▶ **Problem statement**
An exact transcription of all the data is required; the pictures are to be left out.

▶ **Supplied material**
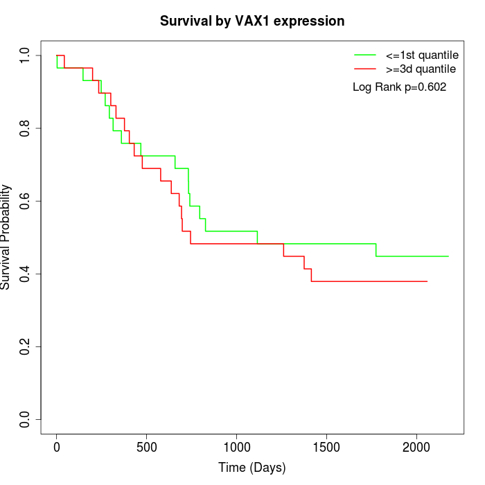 Survival by VAX1 expression:
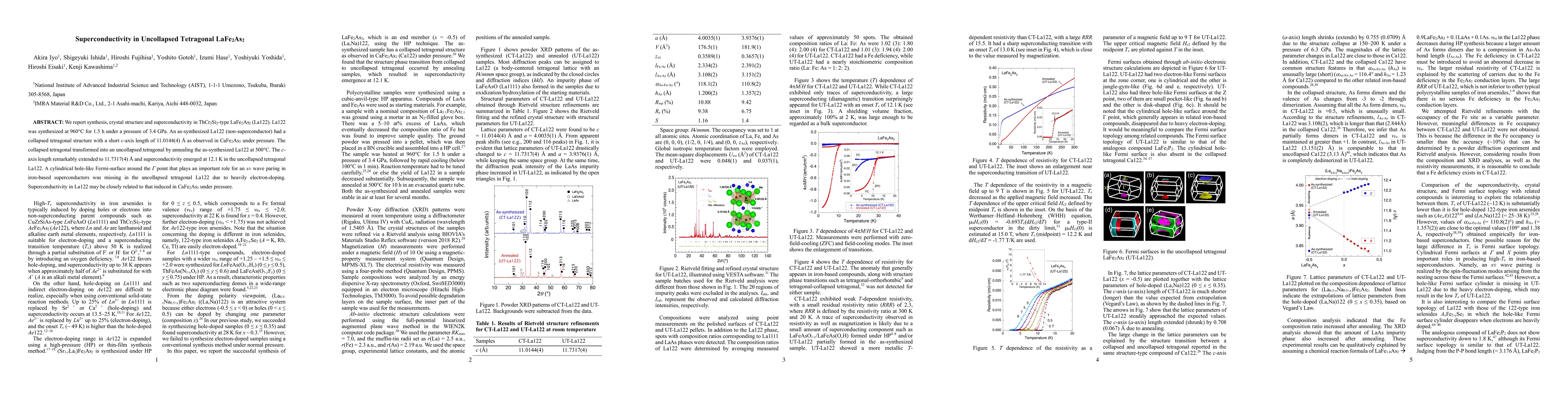 This paper reports the synthesis and transformation of tetragonal LaFe2As2 (La122) from a collapsed to an uncollapsed structure, leading to the emergence of superconductivity at 12.1 K. The structural change and electron doping likely influence the superconducting properties, suggesting a close relationship to pressure-induced superconductivity in CaFe2As2.
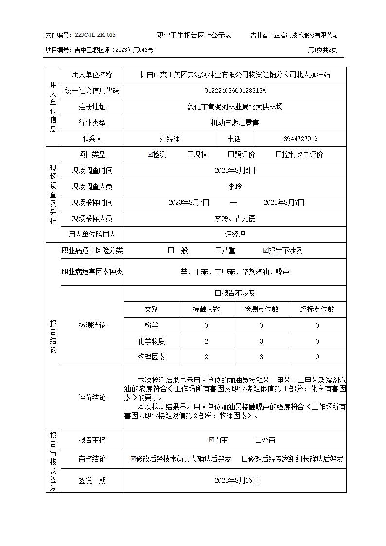 检测046_长白山森工集团黄泥河林业有限公司物资经销分公司北大加油站

▶ **The answer**
 Survival by VAX1 expression:
 This paper reports the synthesis and transformation of tetragonal LaFe2As2 (La122) from a collapsed to an uncollapsed structure, leading to the emergence of superconductivity at 12.1 K. The structural change and electron doping likely influence the superconducting properties, suggesting a close relationship to pressure-induced superconductivity in CaFe2As2.
 检测046_长白山森工集团黄泥河林业有限公司物资经销分公司北大加油站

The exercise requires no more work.